:: Requirement ::
The expected output is each line below containing "cold", copied in full.

START Source material

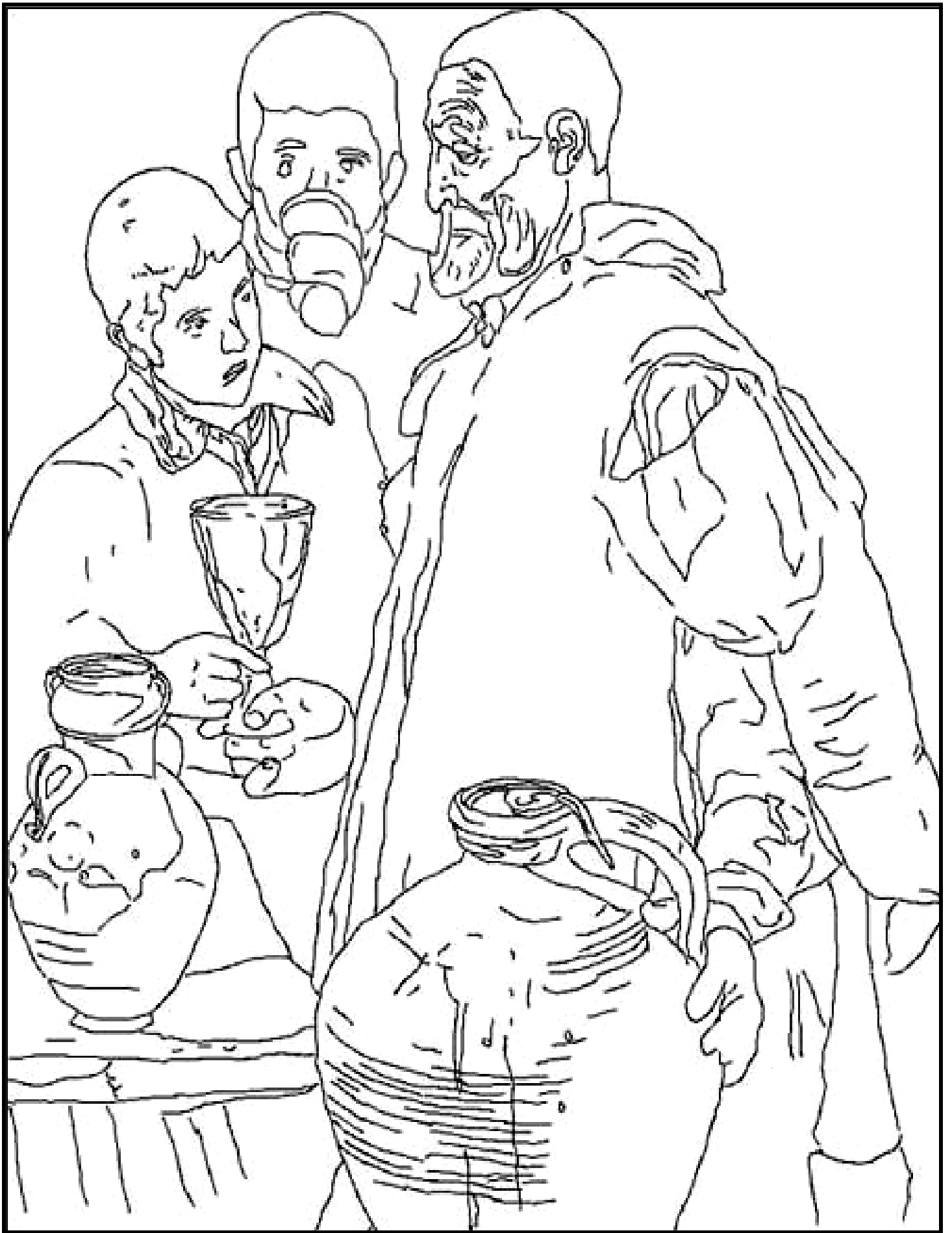
"EL VENDEDOR DE AGUA" DIEGO VELÁZQUEZ
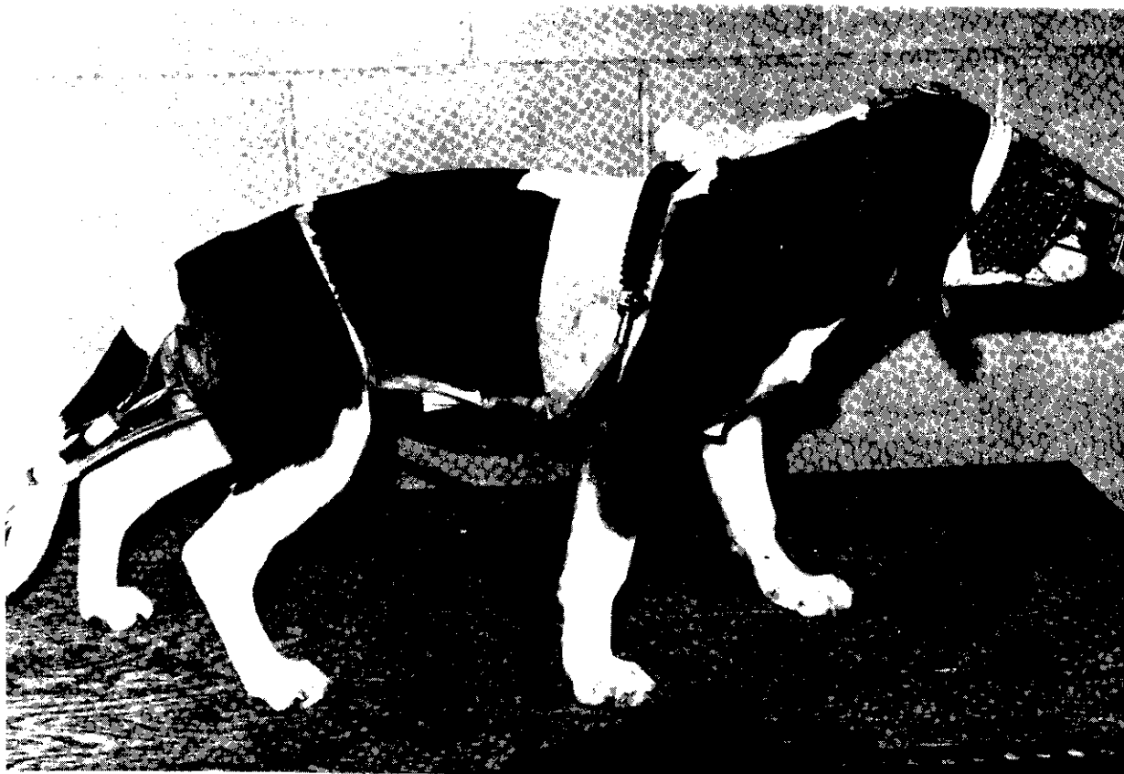
Figure 2. Shows dog prepared for monitoring rectal temperature, heart rate, and respiration rate. Dogs were able to move about freely inside test crate during exposure to cold air temperature.

In the room outside the environmental test chamber, baseline data were obtained on the dogs for rectal temperature (Tre), heart rate (HR), respiration rate (RR), and behavior (barking and excessive movement) for 45 minutes. At the same time, air temperature and humidity were monitored for the test crate inside the cold chamber to determine the crate's micro-environment with dog absent. Starting at 10:00 a.m. regularly, dogs were hand-carried into the environmental chamber and placed in the pre-chilled test crate. During cold exposure the dogs continued to be monitored for the Tre, HR, and RR using noninvasive methods (Figure 2). 5 Both barking and excessive movement were

END Source material

:: Exercise output ::
Figure 2. Shows dog prepared for monitoring rectal temperature, heart rate, and respiration rate. Dogs were able to move about freely inside test crate during exposure to cold air temperature.
In the room outside the environmental test chamber, baseline data were obtained on the dogs for rectal temperature (Tre), heart rate (HR), respiration rate (RR), and behavior (barking and excessive movement) for 45 minutes. At the same time, air temperature and humidity were monitored for the test crate inside the cold chamber to determine the crate's micro-environment with dog absent. Starting at 10:00 a.m. regularly, dogs were hand-carried into the environmental chamber and placed in the pre-chilled test crate. During cold exposure the dogs continued to be monitored for the Tre, HR, and RR using noninvasive methods (Figure 2). 5 Both barking and excessive movement were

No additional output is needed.